So...I assume you also wear full racing leathers @ ALL times because other attire will not offer the same level of protection?
And now, there is a new neck support, designed by a Dr./biker....DON'T RIDE WITHOUT THAT!
And you can add some airbags too...
BTW...nothing can protect you from some types of crashes...life is a compromise.
Remember what happens to folks when they assume, Ogre?
I very clearly asserted
my own choice and the reasoning behind it, but I'll make my decision even more crystal clear for the benefit of yourself or anyone else that might be curious with respect to my motives.
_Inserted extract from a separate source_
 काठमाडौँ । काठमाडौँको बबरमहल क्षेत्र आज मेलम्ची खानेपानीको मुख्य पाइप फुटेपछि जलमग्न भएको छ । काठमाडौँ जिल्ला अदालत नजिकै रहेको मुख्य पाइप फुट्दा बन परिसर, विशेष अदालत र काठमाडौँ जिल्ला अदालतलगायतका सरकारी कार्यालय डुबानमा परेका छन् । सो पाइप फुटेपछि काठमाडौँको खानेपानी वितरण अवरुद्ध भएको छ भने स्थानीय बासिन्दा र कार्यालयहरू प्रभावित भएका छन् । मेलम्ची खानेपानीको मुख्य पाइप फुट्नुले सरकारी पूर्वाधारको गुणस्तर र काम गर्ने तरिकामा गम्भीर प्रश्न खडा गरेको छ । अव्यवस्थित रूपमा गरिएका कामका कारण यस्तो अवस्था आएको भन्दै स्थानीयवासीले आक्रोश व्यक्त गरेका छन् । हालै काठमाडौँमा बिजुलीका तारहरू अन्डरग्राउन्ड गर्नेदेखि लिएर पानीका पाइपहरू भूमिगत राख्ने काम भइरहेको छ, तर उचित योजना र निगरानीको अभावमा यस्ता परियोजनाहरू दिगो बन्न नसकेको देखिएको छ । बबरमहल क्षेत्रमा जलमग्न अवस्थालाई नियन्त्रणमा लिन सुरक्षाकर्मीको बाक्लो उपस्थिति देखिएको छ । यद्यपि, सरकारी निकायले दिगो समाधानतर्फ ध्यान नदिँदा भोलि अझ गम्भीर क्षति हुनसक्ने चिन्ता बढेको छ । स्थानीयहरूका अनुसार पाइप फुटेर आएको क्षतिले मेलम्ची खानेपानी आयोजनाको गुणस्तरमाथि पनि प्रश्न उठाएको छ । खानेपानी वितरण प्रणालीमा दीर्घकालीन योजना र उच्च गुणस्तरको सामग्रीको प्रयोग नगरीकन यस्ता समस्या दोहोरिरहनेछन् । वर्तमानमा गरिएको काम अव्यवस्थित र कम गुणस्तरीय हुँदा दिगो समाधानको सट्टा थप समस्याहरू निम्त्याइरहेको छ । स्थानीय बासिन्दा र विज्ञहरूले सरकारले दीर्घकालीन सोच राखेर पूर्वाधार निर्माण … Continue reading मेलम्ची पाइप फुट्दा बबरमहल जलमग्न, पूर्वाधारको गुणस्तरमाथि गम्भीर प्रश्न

It's a virtual given that we all understand the risky nature of our two-wheeled avocation. Further, most riders would agree that their head is the most important part of the body to protect from the wide array of hazards that threaten us as riders. After all, you can break or injure pretty much any other part of the body and, generally speaking, maintain the probability of having a reasonably high degree of quality of life post-recovery. Injure your head/brain sufficiently and that bet goes out the window.
After 42 years of riding I had a deer run out in front of me and it was impossible to avoid the ensuing, really bad get-off. Had I been wearing any other sort of helmet other than the integral fullface I thankfully wore that day or,
possibly a modular fullface, I would have surely sustained massive head and facial trauma injuries or, more likely, I would have been killed instantly. Since I had done my homework years earlier, having decided that there was a possibility of a modular's locking mechanism or hinges not holding together upon impact, in retrospect, I am grateful to have made the decision about headgear that I did, so grateful in fact that I believe that I owe my life to that decision.
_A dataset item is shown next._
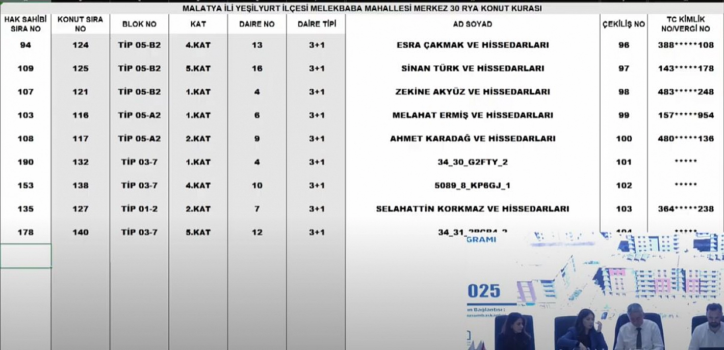 Malatya'da 6 Şubat depremlerinden sonra yapımı tamamlanan deprem konutlarının kurası çekiliyor. Merkez 30 Projesi kapsamında Melekbaba Mahallesi'ndeki 241 konutun kura çekimini sonuçları belli oldu İşte hak sahibi tam liste…

Subsequent to that accident, I became a fulltime, all-the-time, no exceptions adherent to ATGATT, not simply a selective or occasional user of full protective gear. Now, I know that you were being somewhat tongue-in-cheek with regard to your wisecracks about wearing racing leathers and other more advanced or state-of-the-art protective gear, nonetheless, I found your remarks to be both gratuitous and callous.
This thread is about people's choices about protective gear. If we are to take your inconsiderate or unthoughtful commentary to its extreme (something you obviously did not intend), than none of us should ever throw our legs over a motorcycle because its simply too dangerous. Hence, what you did state was really unnecessary, no more, no less.
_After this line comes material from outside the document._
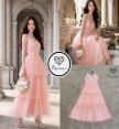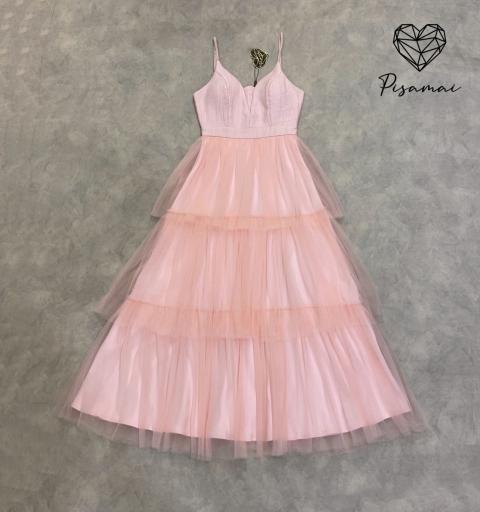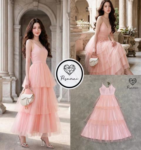 เดรสสายเดี่ยวสีชมพู ความกระโปรงเลเยอร์ฟูฟ่อง มานับพร้อมซับในให้อย่างดี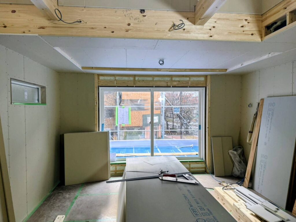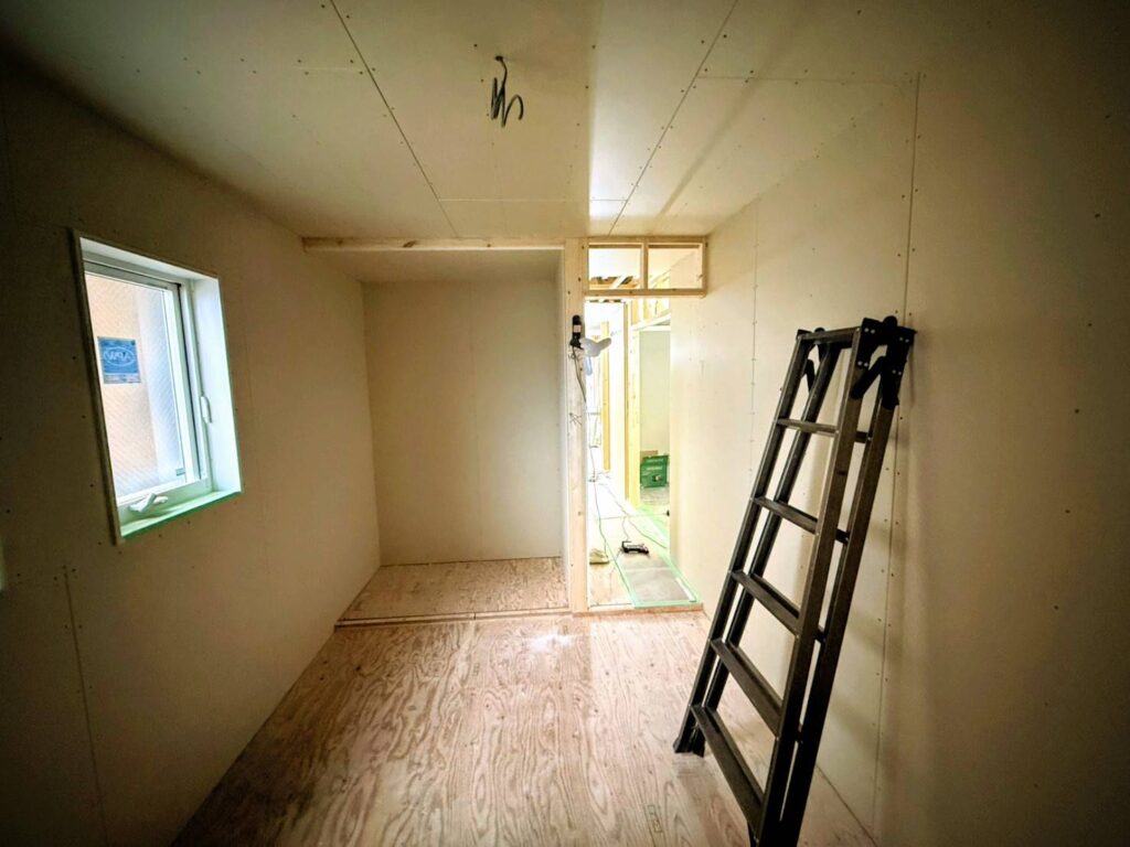 ただいま石こうボード施工中。

Surely pretty much all the choices we make in life involve some degree of compromise. Perhaps you could have compromised your criticality a bit more before making such a sardonic post, by simply reasserting the obvious, that the level or degree of caution one takes in this shared passion of ours called motorcycling, is totally up to the individual, other than for when some aspect of our safety is mandated by law.
Oh and Warp 9.9, our resident know-it-all, is right about one thing, but it isn't that folks that meet me would love to provide the head trauma for me.
It's the salt advice that he's spot on about.